Measurement protocol
For the measurements of cervical flexion-extension and lateral flexion the patient was seated upright in a high chair, with the hands resting on the upper thigh. For the measurement of cervical flexion-extension, the position of 0 degrees was in maximal cervical flexion ("chin to chest"), followed by maximal cervical extension. Likewise, the measurements of lateral flexion were initiated with the position of 0 degrees in maximal lateral flexion to the left ("ear to left shoulder"), followed by maximal lateral flexion to the right. Because active ROM using the EDI-320 inclinometer can only be measured against gravity, the ratings of cervical rotation were performed with the patient in a supine position. The position of 0 degrees was in maximal left rotation, followed by maximal right rotation. During rotation the head slide over a cushioned treatment table and the patient was not allowed to make any compensatory lateral flexion with the head. See figure 1
We chose for full cycle ROM (for example: from left to right rotation) as the neutral head position is difficult to perform in half-cycle ROM (for example: from the neutral to left rotation) assessments in the cervical spine[7]. The reference point for the EDI was on the forehead for both flexion-extension and rotation, and right above the ear for lateral flexion. Throughout the motion, the physiotherapist maintained contact with the EDI and the reference point on the head.
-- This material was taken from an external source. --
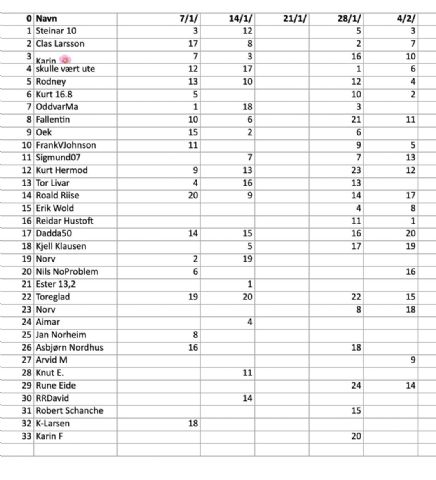 Seniorserie Simulator – Resultater

The subjects were instructed to perform the movement and then to practice twice before performing the actual movement. The patient was instructed only to move the head, and to avoid compensatory movements in the thoracic or lumbar region. The patient was gently guided through the whole range of motion, and manual contact was applied by the rater. The patient was encouraged to perform a maximal movement until the end of the active ROM was reached, or until the pain prevented the patient from going any further.
Procedure reproducibility study
Active ROM of the cervical spine was assessed twice in three planes in the following order: maximal flexion to maximal extension (2×), maximal lateral flexion from left to right (2×), and maximal rotation from left to right (2×). The time interval between measurement between the first and second ratings of a single rater was 5 minutes and the interval between raters was 10 minutes. The order of the raters was randomized using a computer generated random sequence table. At all times only one rater was present in the examination room, together with the research assistant. The research assistant recorded the number of degrees, which were electronically displayed on the EDI-320. In order to keep the raters blind for the outcome of measurement, the read out on the electronic display of the EDI-320 was concealed for both raters and patients. Thus, the raters were unaware of the previous measurements by the other rater.
Data analysis
We used two different measures which are increasingly used in reproducibility studies: one measure to assess agreement and one measure to assess reliability [13, 14]. Figure 2 shows an overview of the intra- rater and inter-rater comparisons we made.
Agreement parameters
Parameters of agreement measure the ability to achieve the same value in two measurements, and gives an indication of the size of the measurement errors. We assess the 95% limits of agreement (LoA) according to Bland and Altman as a measure of agreement [15].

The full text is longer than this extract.